Understanding ‘moral emotions’ with greater granularity may assist in potential risk and protective factor identification and, the tactical understanding of violent extremists.

Mr David Whittingham1
1Evexia, Brisbane, Australia

Understanding emotions and ‘moral emotions’ with greater granularity may assist in potential risk and protective factor identification and, the tactical understanding of violent extremists.

The combination of anger, contempt and disgust emotions (ANCODI) has been found to a potential precursor to violent events in verbal and non-verbal expressions of emotion (Matsumoto, Frank and Hwang, 2015). A phased emotional process has been offered explaining the movement from outrage based on anger, to moral superiority based on contempt and, then elimination based on disgust (Matsumoto et, al 2012). Further, such emotions have also been considered in both the ‘mindset’ of extremist violence and the process of ideological development, as well as a critical aspect of assessing the risk and protective factors for extremist violence (Borum, 2003 and 2015).

Guilt or shame proneness has been found to act as a protective or risk factor for psychological problems (i.e. substance abuse) and criminal recidivism respectively (Stuewig, Tangney, Heigel, Harty, McCloskey 2010).  Certain types of situations have been known to elicit guilt and shame and shame is known as a more painful, disruptive, maladaptive emotion, associated with externalising blame, anger, hostility and notably experimentally, with aggressive behaviour for those high in narcissism (Tangney, Stuewig & Mashek, 2007; Thomas, Bushman, Stegge & Olthof, 2008).  Guilt prone people however have been found to be disinclined to aggression, not externalise blame and, in prospective research, guilt was found to protective of delinquent behaviour (Stuewig & McCloskey, 2005).

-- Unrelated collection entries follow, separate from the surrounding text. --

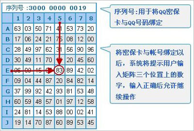 例如:上面这张密保卡序列号是:300000000019,坐标E5对应的数字是83。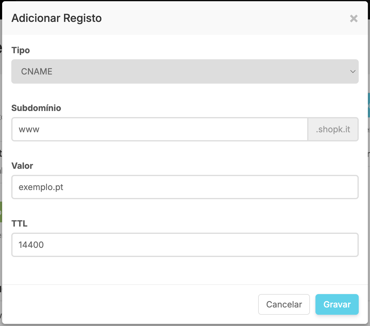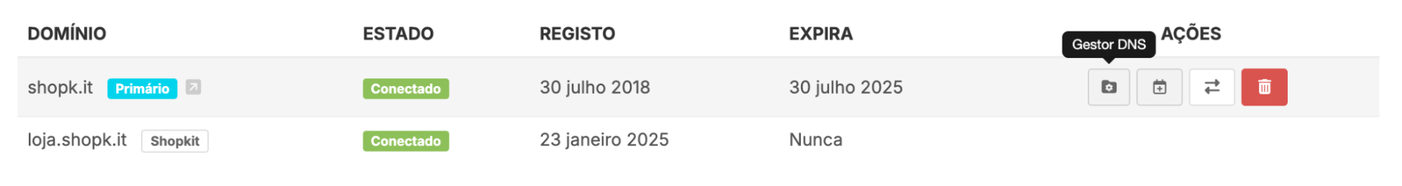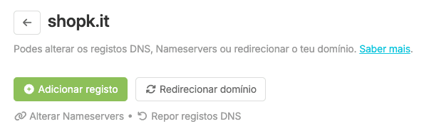 O Gestor de DNS está disponível apenas para domínios próprios alojados na Shopkit.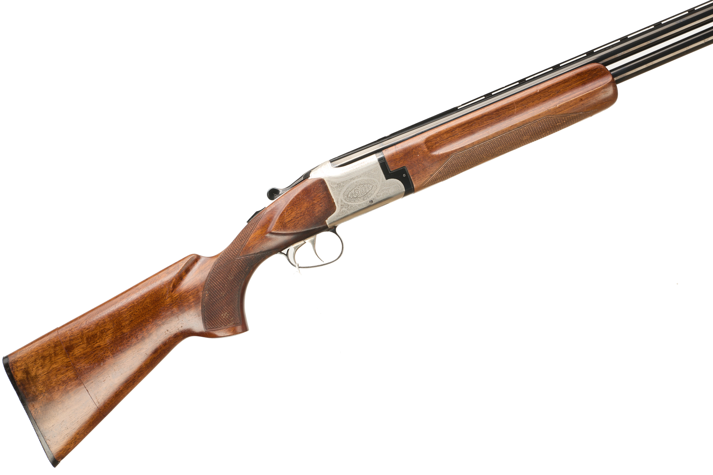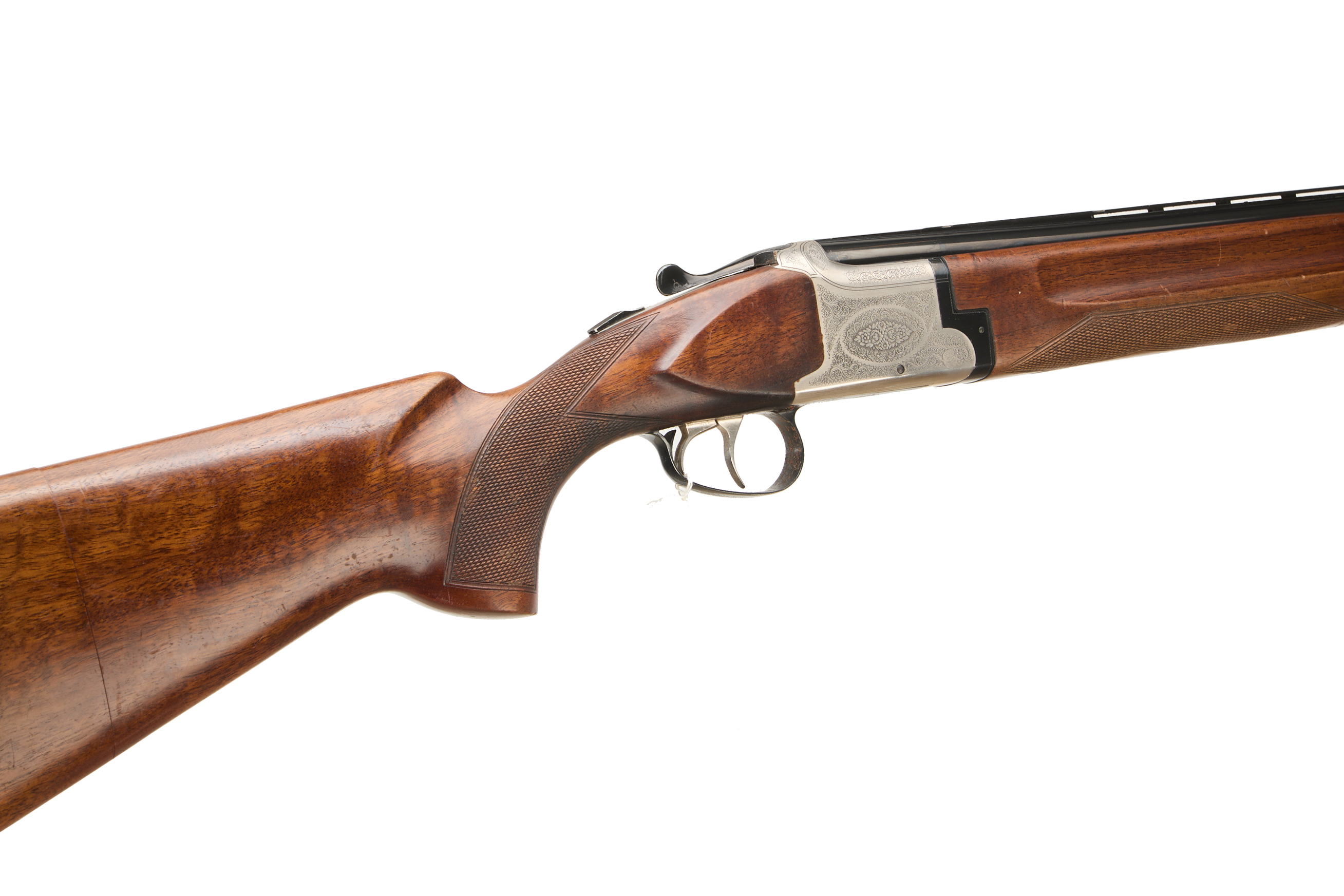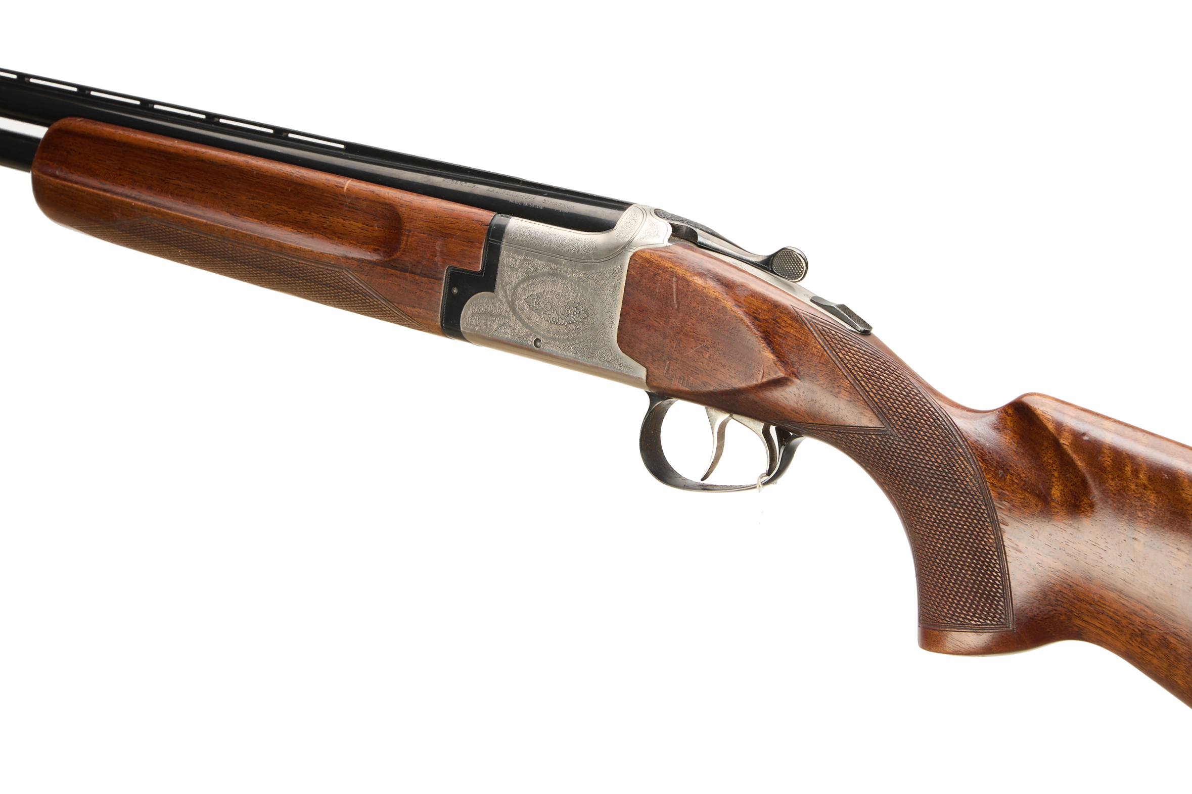 Chequered, hard, butt pad, well-matched extension, chequered semi-pistol grip and forend with rounded tip, ventilated top, mid rib absent. Extensive acanthus scrolls to bright action. Twin/single triggers, hold-open top lever and safety.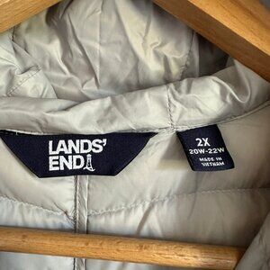 Lands End Wanderweight Packable Down Puffer Coat Long Light Gray 2X $239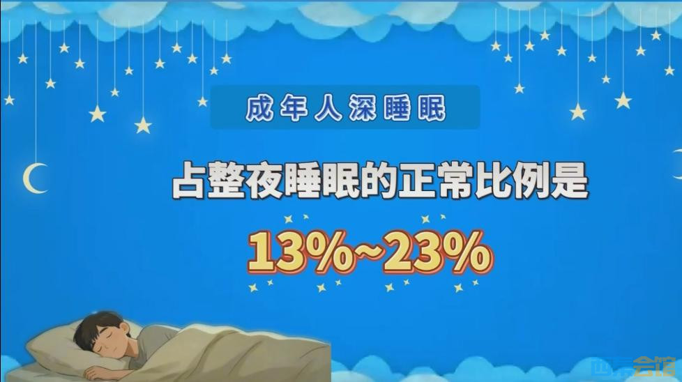 根据睡眠分期标准,成年人深睡眠占整夜睡眠的正常比例是13%~23%。也就是说,如果晚上睡眠时间是6~7个小时,整夜深睡眠能达到50分钟就是正常的。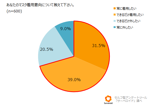 マスクの着用について、「常に着用したい」「できるだけ着用したい」と回答した人が70.5%という結果になり、今後もマスクを着用し続けたいが多数派となりました。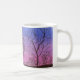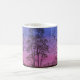 Uma pintura aquosa de uma velha cerca e árvores de outono silhuetadas contra os dedos e os azuis profundos da noite, o céu crepúsculo enfeita esta caneca.

In summary, greater awareness of ‘moral emotions’ across anger, contempt, disgust, shame and guilt and their function in the ‘mindset’ of violent extremism, risk assessment and formulation, may offer tactical and early intervention opportunities (i.e. reducing shame/increasing guilt) attuned to an ‘actors’ emotional profile and it’s granularity (Borum, 2003, 2015 and Feldman Barret, 2017).


David Whittingham is a Director and co-founder of Evexia, a workplace psychology company.

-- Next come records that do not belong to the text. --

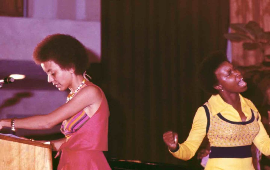The novelist Gayl Jones gives an astute response: “Women writers seem to depict essential mobility, essential identity to take place within the family and community. But perhaps for male writers that ‘place’ as well as those relationships are insignificant, restrictive, circumscribed.” In this response, Jones identifies the way that the terms of the Black sexism debate were often predicated on a false binary between individual and collective, between introspection and militancy, between home and the world. When Tate tries to characterize Nikki Giovanni’s earlier work as more militant than her later work, Giovanni balks: “I’ll tell you what’s wrong with that question,” she says. “The assumption inherent in that question is that the self is not a part of the body politic.” For most of the Black women writers interviewed—including Giovanni, Jones, Shange, and Sonia Sanchez—there is no separation between individual and collective liberation. Shange, who often wrote love poems about poverty, racism, and imperialism, argues that love can animate political struggle: “It’s simply that when I love somebody, I want my beloved in a world where those things aren’t occurring.”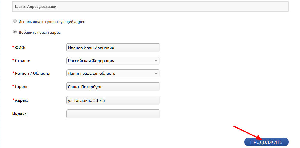 Заполняем необходимые поля адреса доставки и нажимаем кнопку «Продолжить».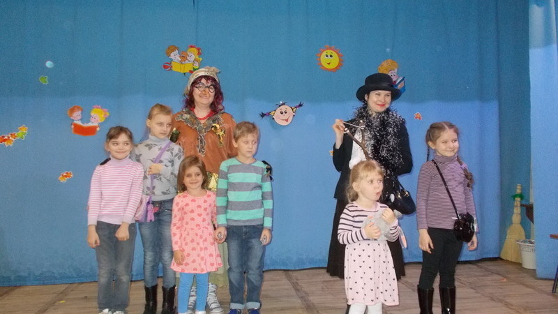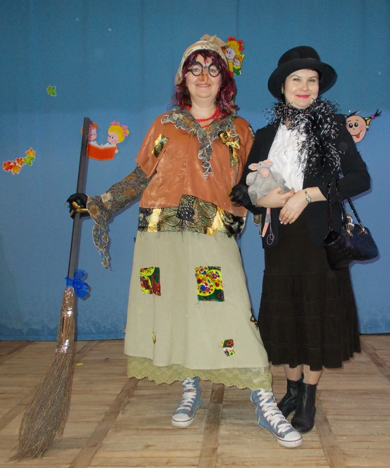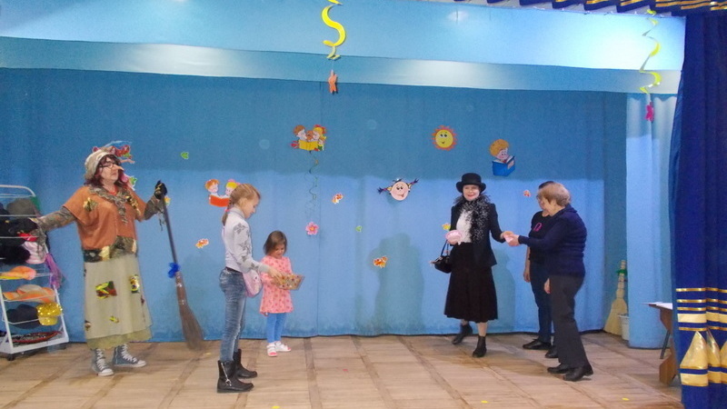 В гости к участникам праздника пришли литературные бабушки – Баба Яга и Шапокляк. Пришли не просто на праздник, а приготовили литературные загадки, веселые танцы и конкурсы. Малыши наводили порядок на сцене, ловко орудуя вениками, сортировали овощи, выбирая необходимые ингредиенты для приготовления борща, наряжали своих бабушек.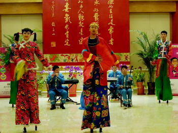 2月7日,在泰安市刘老根大舞台,二人转演员正在进行踩高跷等文艺表演,当天的演出现场座无虚席。 本报记者 刘振 摄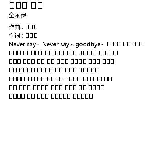 | Never say~ Never say~ goodbye~ 나 세월 지나 너를 잊기로 했네 바람이 불어와도 눈보라 몰아쳐도 나 떠나갈래 추억이 머문 곳으로 희미한 너의 모습 잊혀진 꿈이었나 오늘도 강변에 앉아 그대만을 사랑했던 지난 일들을 떠나보내리 떠나보내리 나 세월 지나 너를 잊기로 했네 한마디 말도 없이 잊혀진 사람인데 오늘도 강변에 앉아 그대만을 사랑했던 지난 일들을 떠나보내리 떠나보내리 |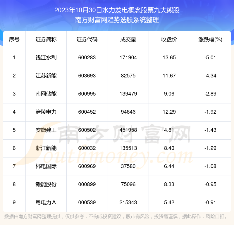 截止2023年10月30日,个股表现方面,水力发电概念股票当日领跌股为钱江水利(600283),该股当日报收13.65,上涨-5.01%,成交量17.19万。江苏新能(603693)以下跌-4.34%紧随其后,该股当日成交量8.26万。此外,南网储能(600995)、涪陵电力(600452)、安徽建工(600502)均进入当日水力发电概念股票熊股之列。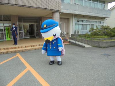 今朝、津幡警察署のキャラクター「白鳥(しらとり)係長」が、子どもたちの登校の様子を見守りに来ました。津幡警察署や駐在さん、見守り隊の方々も一緒に見守ってくださいました。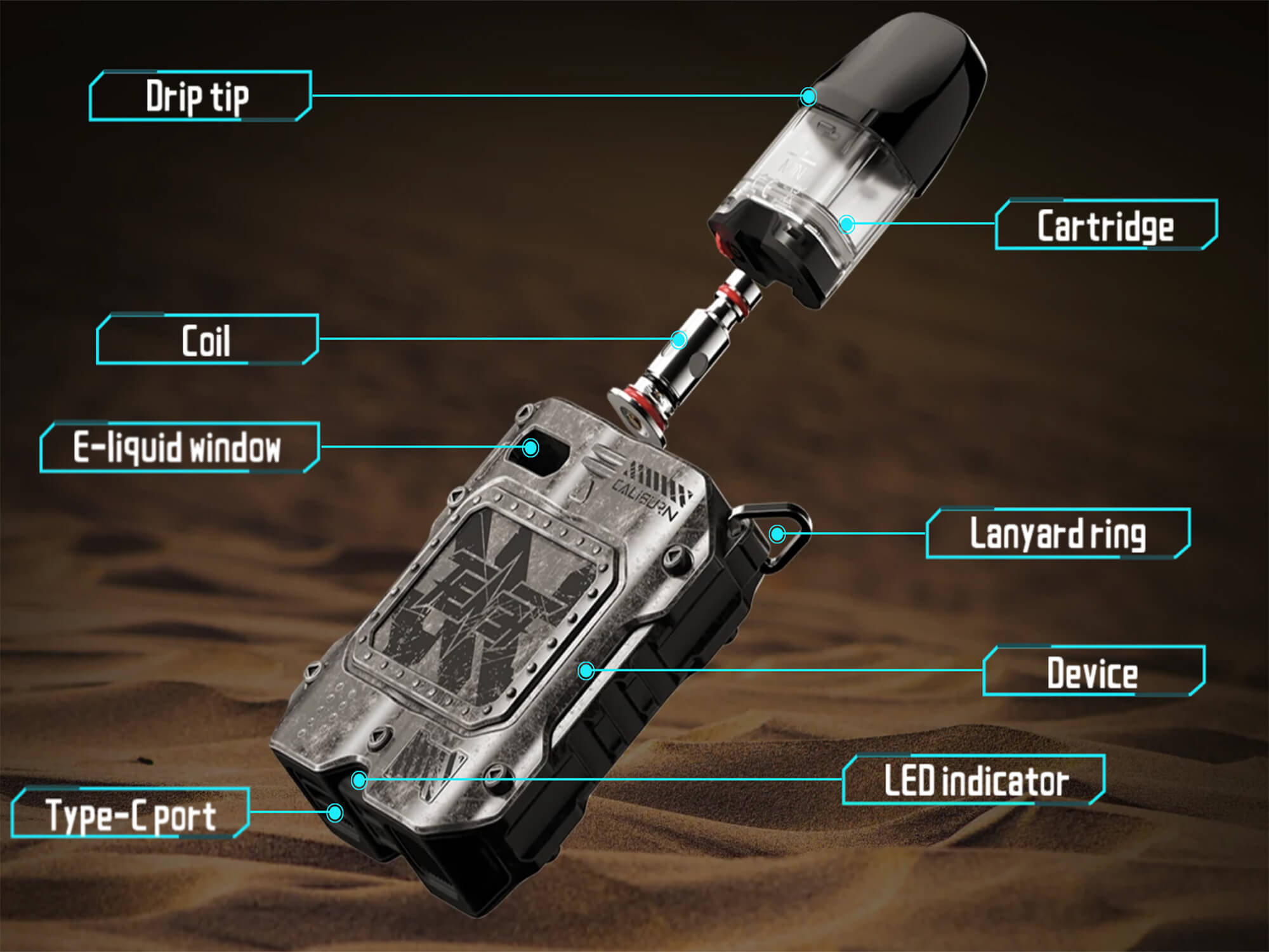 - Verdampferkopf: Kompatibel mit den Caliburn G Coils und den Caliburn G2 Coils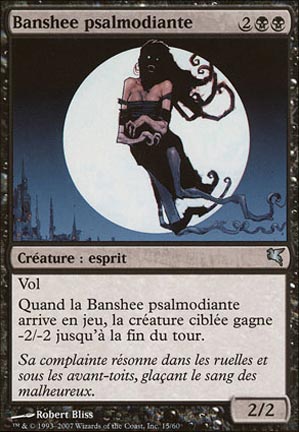 Flying (This creature can't be blocked except by creatures with flying.) When Keening Banshee comes into play, target creature gets -2/-2 until end of turn.

David has worked as a Forensic Psychologist in Australia in the public and private sector, specialising in people risk, threat assessment and safety systems. He has also worked as a Chartered Forensic Psychologist in the United Kingdom in community and secure settings providing tertiary consultation liasion risk assessment and intervention services.

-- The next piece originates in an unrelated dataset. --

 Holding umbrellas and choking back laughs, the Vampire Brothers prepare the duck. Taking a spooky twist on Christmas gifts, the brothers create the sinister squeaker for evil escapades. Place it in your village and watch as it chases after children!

David is an experienced national and international presenter on organisational health and leadership, bullying and harassment, complex workplace conduct and reasonable management actions and, employment and forensic vulnerabilities with autism spectrum profiles. He has presented at several conferences on these topics including  the Australian Association of Psychiatry, Psychology and Law Congresses, Australia’s No 2 Bullying Conference, the Asia Pacific Autism Conference and, the International Conference on Care for Offenders.

David has developed and delivered training programs specific to complex stakeholder engagement for high risk roles in the resources sector, risk and wellbeing leadership in the health sector, reasonable management action processes in the legal and insurance sector and, tactical communication and negotiations in the policing and security sector.